Рейберн поднял брови:
– Вижу, вы еще не привыкли к простой йоркширской стряпне.
Виктория грустно улыбнулась.
– Не привыкла, – согласилась она, с тоской подумав о поваре-французе дома в Рашворте. Рашворт... Теперь аккуратный фасад ее родного дома, сложенный из известняка, казался сном. Куда реальнее был сам Рейберн, лениво вертевший в руках вилку, поглядывая на нее из-под полуопущенных век. На губах его играла еле заметная улыбка, Виктория догадалась, о чем он думает, и ее бросило в жар. Нет, это не имело значения. Главное то, что ночью они снова насладятся друг другом, без страха и сожалений, а еще через пять ночей расстанутся навсегда. И можно будет забыть, какие признания сделала она в минуту слабости. Всего неделя плотских утех – и награда в конце, и снова в общество, словно она его и не покидала. Но эта мысль, вместо того чтобы принести ей утешение, вызвала холодок в груди. Виктория тряхнула головой, чтобы отогнать эти мысли, и снова взяла немного переваренной еды, запив ее вином.
– Зато ваш погреб безупречен, – сказала она, пытаясь сохранить в беседе легкость, хотя сама ничего подобного не ощущала.
Рейберн, словно не замечая ее смущения, поднял к пламени свечи темно-красную жидкость.
– Надеюсь, что это так. Именно за вином я посылал в Лондон, и потребовался месяц после того, как его привезли, чтобы образовался осадок и вино можно было пить.
Виктория с радостью завела разговор о марочных винах и средствах его перевозки, который продолжался до конца трапезы. Ей хотелось отвлечься и удерживать Рейберна на безопасных темах, но когда она съела последний кусок, поняла, что это ей не удалось. Ее волновал человек, который с таким небрежным видом сидел, откинувшись, напротив нее, и она не понимала, почему это так ее тревожило. Можно было бы сказать себе, что все дело в простой физической привлекательности Рейберна, или в ужасно декорированной комнате, или даже в тех признаниях, которые она сделала, но это было бы полуправдой.
– Сытно, хотя и не очень вкусно, – заметила она, положив салфетку.
Рейберн улыбнулся с таинственным видом:
– Это еще не все.
Он собрал тарелки и блюда, отставил в сторону и из темноты возле маленькой печки достал последнее блюдо, чистые тарелки и серебряные приборы. Потом с торжествующим видом снял с блюда крышку.
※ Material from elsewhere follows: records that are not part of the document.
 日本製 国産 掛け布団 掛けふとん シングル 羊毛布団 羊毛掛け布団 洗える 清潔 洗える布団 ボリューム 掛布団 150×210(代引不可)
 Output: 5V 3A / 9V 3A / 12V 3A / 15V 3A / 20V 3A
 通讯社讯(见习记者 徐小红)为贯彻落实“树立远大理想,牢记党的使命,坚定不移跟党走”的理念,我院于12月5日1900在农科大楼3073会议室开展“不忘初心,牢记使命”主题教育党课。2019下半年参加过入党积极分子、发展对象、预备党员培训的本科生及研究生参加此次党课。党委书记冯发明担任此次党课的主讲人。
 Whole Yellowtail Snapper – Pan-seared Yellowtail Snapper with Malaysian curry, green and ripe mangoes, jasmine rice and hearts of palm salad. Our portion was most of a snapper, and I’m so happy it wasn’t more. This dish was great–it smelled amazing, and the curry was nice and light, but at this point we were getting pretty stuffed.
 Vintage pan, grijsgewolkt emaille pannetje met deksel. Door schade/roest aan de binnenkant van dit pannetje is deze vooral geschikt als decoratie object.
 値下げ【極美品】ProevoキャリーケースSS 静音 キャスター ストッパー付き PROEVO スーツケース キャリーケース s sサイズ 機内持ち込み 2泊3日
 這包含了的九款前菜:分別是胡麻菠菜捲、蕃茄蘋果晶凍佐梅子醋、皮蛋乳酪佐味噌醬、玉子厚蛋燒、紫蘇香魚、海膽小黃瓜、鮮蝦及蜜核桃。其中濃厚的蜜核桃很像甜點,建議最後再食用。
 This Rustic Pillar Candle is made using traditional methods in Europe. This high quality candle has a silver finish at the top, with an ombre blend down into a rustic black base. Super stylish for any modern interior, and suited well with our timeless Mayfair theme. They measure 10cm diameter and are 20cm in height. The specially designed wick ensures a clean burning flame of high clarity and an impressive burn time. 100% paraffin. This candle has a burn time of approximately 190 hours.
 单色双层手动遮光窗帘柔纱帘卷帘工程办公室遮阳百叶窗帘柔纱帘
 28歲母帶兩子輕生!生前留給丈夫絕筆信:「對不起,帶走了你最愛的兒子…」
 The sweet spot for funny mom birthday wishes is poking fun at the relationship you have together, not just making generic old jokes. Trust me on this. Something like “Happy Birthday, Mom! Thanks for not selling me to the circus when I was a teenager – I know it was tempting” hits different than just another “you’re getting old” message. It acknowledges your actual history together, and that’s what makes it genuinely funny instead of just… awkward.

– Крамбль? – удивилась Виктория, глядя на блюдо с фруктами, увенчанное верхушкой из сдобного теста.
– Лучший крамбль из персиков, какой бывает к северу от Манчестера, – ответил он. – Это единственное, что кухарка умеет хорошо готовить.
Виктория с сомнением посмотрела на него, а он положил ей на тарелку большую порцию, усмехнулся, заметив выражение ее лица, и погрузил в десерт вилку.
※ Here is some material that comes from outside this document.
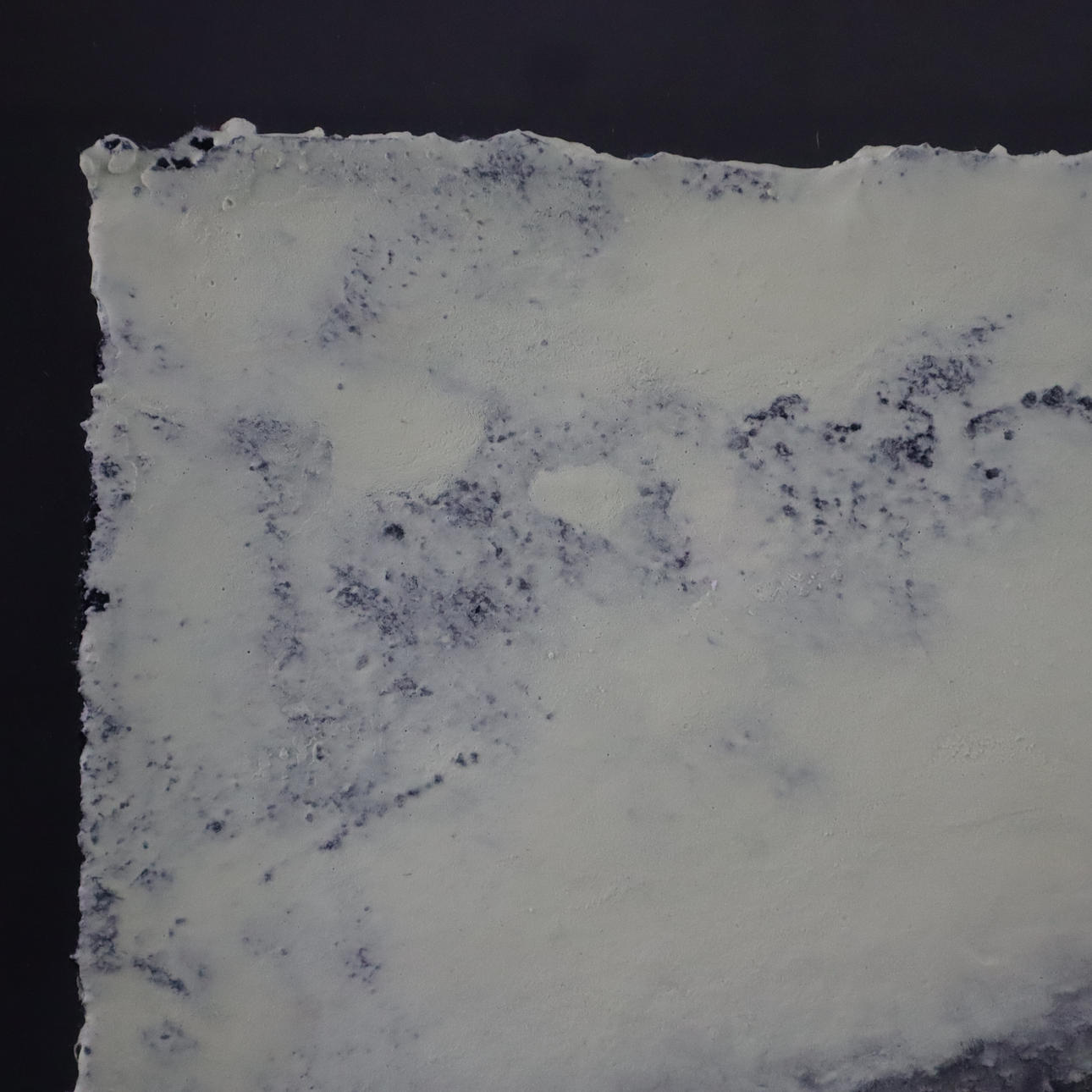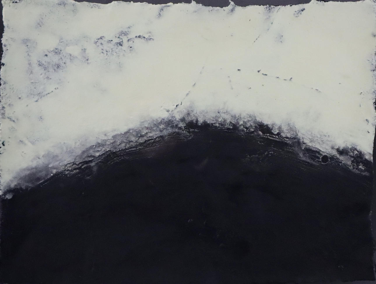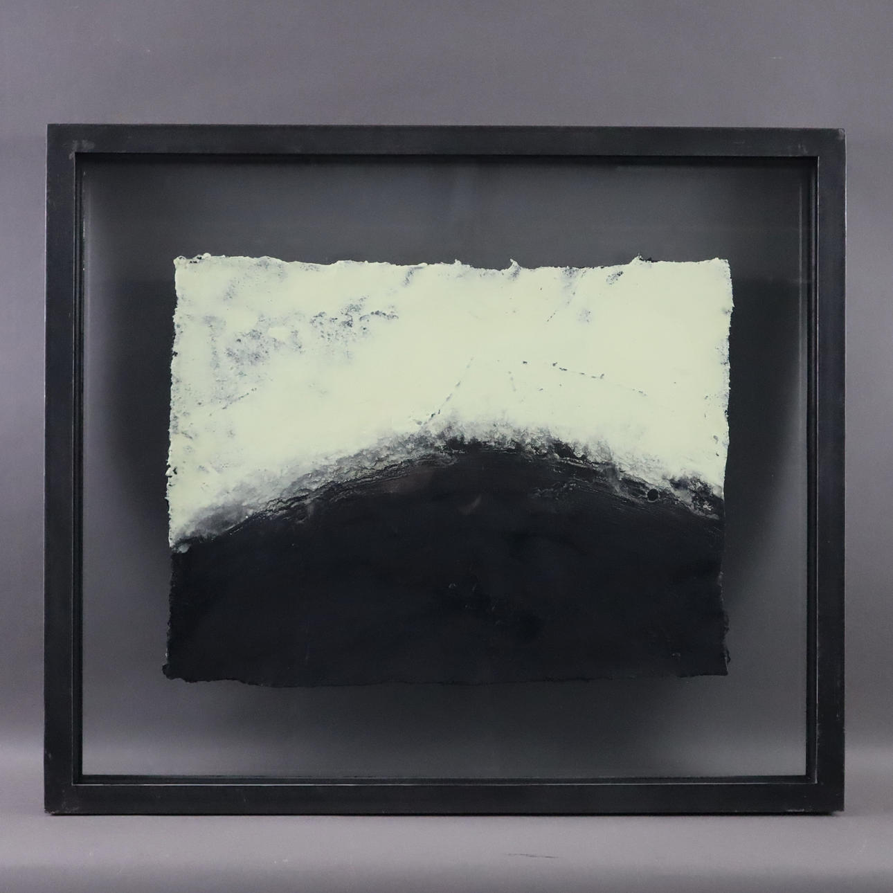 técnica mixta (azufre/ceniza/acrílico sobre techo industrial con panel de madera), firmada, fechada y «O.T.«marcado, dimensiones aproximadas 36,5 x 49 cm,

– Попробуйте, – хрипло сказал он, поднеся персик к ее губам.
Виктория немного поколебалась, снова почувствовав странное напряжение, не имевшее ничего общего с жарким трепетом, который она ощущала под его взглядом и в тоже время очень похожим на него. На лице Рейберна отразилось удовольствие, и она невольно раскрыла рот.
На язык ее полился обильно сдобренный циннамоном сироп, и когда она откусила кусочек персика, он выпустил сок.
– Ах! – сказала она, проглотив. – Это вкусно. – Вкус оставался во рту, сладкий и соблазнительный. Она потянулась за вилкой, но Рейберн остановил ее.
– Нет, я сам.
Глядя на нее, он поднес вилку с крамблем к ее губам и медленно сунул ей в рот так, что у нее перехватило дыхание и она вспыхнула. Он заметил это и удовлетворенно улыбнулся. Этого было достаточно, чтобы ее смущение уступило место уязвленной гордости, заставив ее перещеголять его в этой игре, когда он поднес к ее губам очередную порцию. Она ела медленно, нарочито обводя языком каждый кусочек, прежде чем откусить. Лицо Рейберна обострилось, и когда она слизнула кусочек, оставшийся в уголке ее рта, черты его выразили грубый голод, и он сжал ее запястье. Ответный жар распространился от центра солнечного сплетения и залил все ее тело, и внезапно она осознала, какая мозолистая у него ладонь, как стесняют ее корсет и ткань платья.
– Если будете продолжать в том же духе, вряд ли доедите прекрасный десерт, миссис Макдугал, – произнес он с подчеркнутым напором, противоречившим его легкому тону.
– Кто сказал, что это плохо? – Голос у нее дрогнул.
– Только не я.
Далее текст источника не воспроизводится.